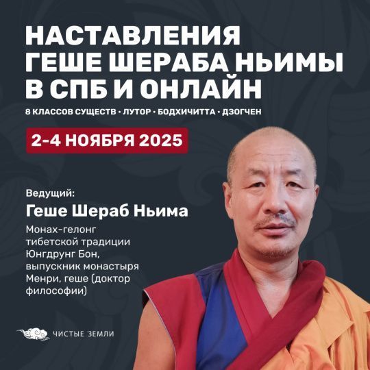 Со 2 по 4 ноября 2025 года в Санкт-Петербурге очно и онлайн Геше Шераб Ньима даст наставления по развитию бодхичитты, традиционным представлениям о восьми классах существ и особенностям практики Дзогчен.
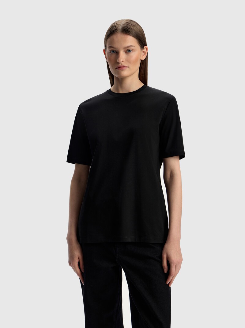 Базовая футболка — наш бестселлер. Прямой силуэт, круглый вырез, удлиненный рукав — такая модель легко впишется в повседневный гардероб. Выполнена из длинноволокнистого хлопка с двойным переплетением интерлок, благодаря которому трикотаж не вытягивается и не перекручивается в швах. Мерсеризованный хлопок — мягкий и гладкий, с шелковистым блеском. Специальная обработка волокон делает материал более прочным и защищает от выцветания. Сделано в Китае.
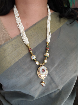 An elegant seed beads stone meenakari pendant with the most stunning festoon. The perfect accessory for your occasion. This necklace is handcrafted with love
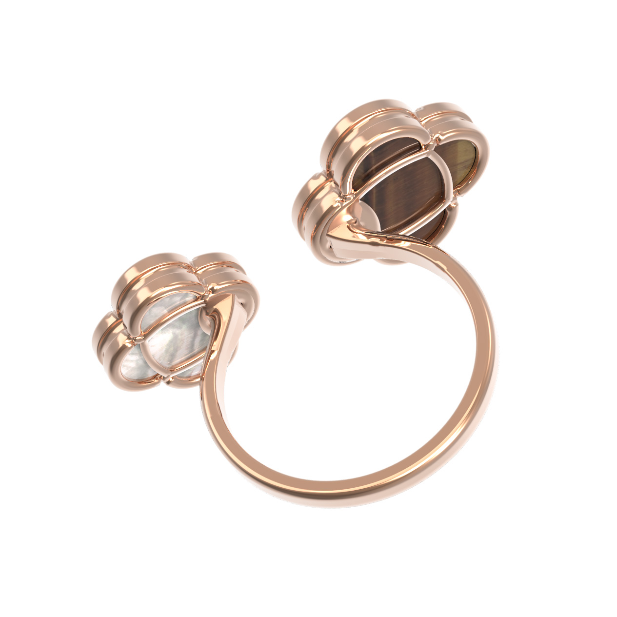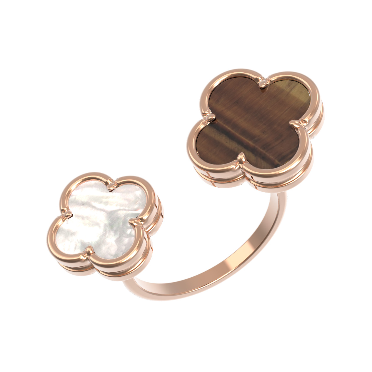 Кольцо из красного золота 585 пробы из коллекции De Luxe — Клевер весна — это утонченное ювелирное украшение, которое станет ярким акцентом вашего образа. Дизайн изделия вдохновлен природной символикой: изящные вставки в форме клевера придают аксессуару легкость и особое очарование. Контрастное сочетание материалов подчеркивает благородство металла: теплый оттенок красного золота гармонично дополнен глубоким оранжевым цветом тигрового глаза и нежным сиянием перламутра.
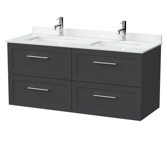 nuie Lux Larck 600mm 2- Drawer Wall Hung Unit with Double Bowl Marble Top 1 Tap Hole in White - Soft Black

*****

- _TASK DETAILS_: Please, without any pictures, print each entry exactly.

- _RESPONSE_:
 Со 2 по 4 ноября 2025 года в Санкт-Петербурге очно и онлайн Геше Шераб Ньима даст наставления по развитию бодхичитты, традиционным представлениям о восьми классах существ и особенностям практики Дзогчен.
 Базовая футболка — наш бестселлер. Прямой силуэт, круглый вырез, удлиненный рукав — такая модель легко впишется в повседневный гардероб. Выполнена из длинноволокнистого хлопка с двойным переплетением интерлок, благодаря которому трикотаж не вытягивается и не перекручивается в швах. Мерсеризованный хлопок — мягкий и гладкий, с шелковистым блеском. Специальная обработка волокон делает материал более прочным и защищает от выцветания. Сделано в Китае.
 An elegant seed beads stone meenakari pendant with the most stunning festoon. The perfect accessory for your occasion. This necklace is handcrafted with love
 Кольцо из красного золота 585 пробы из коллекции De Luxe — Клевер весна — это утонченное ювелирное украшение, которое станет ярким акцентом вашего образа. Дизайн изделия вдохновлен природной символикой: изящные вставки в форме клевера придают аксессуару легкость и особое очарование. Контрастное сочетание материалов подчеркивает благородство металла: теплый оттенок красного золота гармонично дополнен глубоким оранжевым цветом тигрового глаза и нежным сиянием перламутра.
 nuie Lux Larck 600mm 2- Drawer Wall Hung Unit with Double Bowl Marble Top 1 Tap Hole in White - Soft Black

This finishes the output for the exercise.